Ela atiçava os rapazes, com piscadelas insinuantes e danças sensuais, mas lutava contra pretendentes indesejados. Dois desenhos de 1932 são exemplos. Em um deles, ela trabalha num circo e tem de afastar o patrão que apalpa suas pernas. No outro, precisa fugir de um homem que chega a amarrá-la na cama e dizer: “Eu vou ter você!”. Sim, não são cenas infantis. Em outro curta, Betty vai ao inferno e acaba tirando o Diabo para dançar. A coreografia, claro, não tem nada de infantil.
Sensualidade tentou dar lugar à versão bela, recatada e do lar
A exibição dos curtas de Betty Boop nas matinês foi um incômodo para muitos pais. Além da sensualidade, as várias músicas cantadas pelas atrizes que dublaram Betty não faziam sentido algum para os meninos.
Seus desenhos que realmente valem a pena foram produzidos entre 1930 e o início de 1934. Foi então que o órgão conservador Legião Nacional da Decência levou o governo americano a aprovar o Código de Produção, lista de diretrizes que, em sua maior parte, impôs a Hollywood restrições a insinuações sexuais.
Não é exagero dizer que a verdadeira e revolucionária Betty Boop morreu com a adoção do código. Sem poder recorrer sequer a uma piscadela da heroína a um pretendente, os roteiristas não souberam mais o que fazer.
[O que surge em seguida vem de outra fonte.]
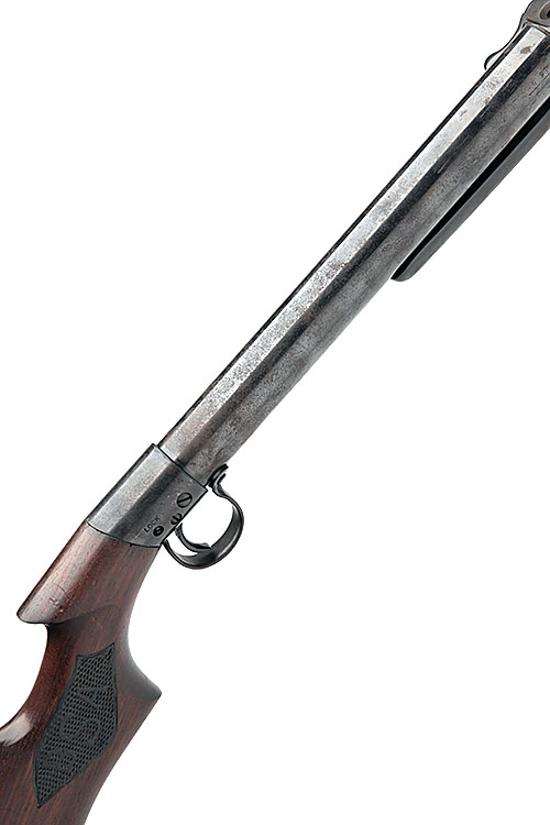 for 1938, with sighted 19 1/4in. barrel, plain air-chamber, saw-handled walnut butt and push-button under-lever

Além de usar roupas mais recatadas, ela chegou a ser relegada ao papel de dona de casa solteirona.
Com queda de popularidade, as tentativas de recuperar seu prestígio não deram certo. Foram criados coadjuvantes fixos, como Disney tinha feito ao unir Donald e Pateta ao Mickey, mas nenhum deu certo. Assim como fracassou cruzar Betty com outros personagens do Fleischer Studios, como Popeye.
A produção dos curtas foi encerrada em 1939, depois de 110 títulos. As reprises na TV perderam o interesse nos anos 1960, quando os filmes em preto e branco de Betty destoaram dos novos desenhos em cores vivas. Numa estratégia fracassada, esses originais foram colorizados por um estúdio na Coreia do Sul, com resultado desastroso, rejeitado pelas emissoras americanas.
Nos anos 1980, com a ponta em “Roger Rabbit”, a imagem de Betty foi uma aposta certeira dos departamentos de marketing. Os licenciamentos se multiplicaram, e desde então as ações se concentram na figura sexy do começo dos anos 1930: saias curtas, corpete, decotinho e a indefectível liga na coxa. Uma personagem irresistível, mas totalmente desconectada dos desenhos animados clássicos.
Algumas questões judiciais entre estúdios transformaram os direitos autorais dos desenhos de Betty Boop numa grande lambança. Alguns já estão em domínio público, mas a maioria é peça em confrontos jurídicos, inviabilizando relançamento em DVD ou Blu-ray. Projetos de novos filmes e até um musical na Broadway foram divulgados nos últimos anos, sem nada concreto. Resta então o popular ícone nonagenário, uma criação de apelo visual irretocável. Mistura perfeita de ingenuidade infantil e malícia adulta.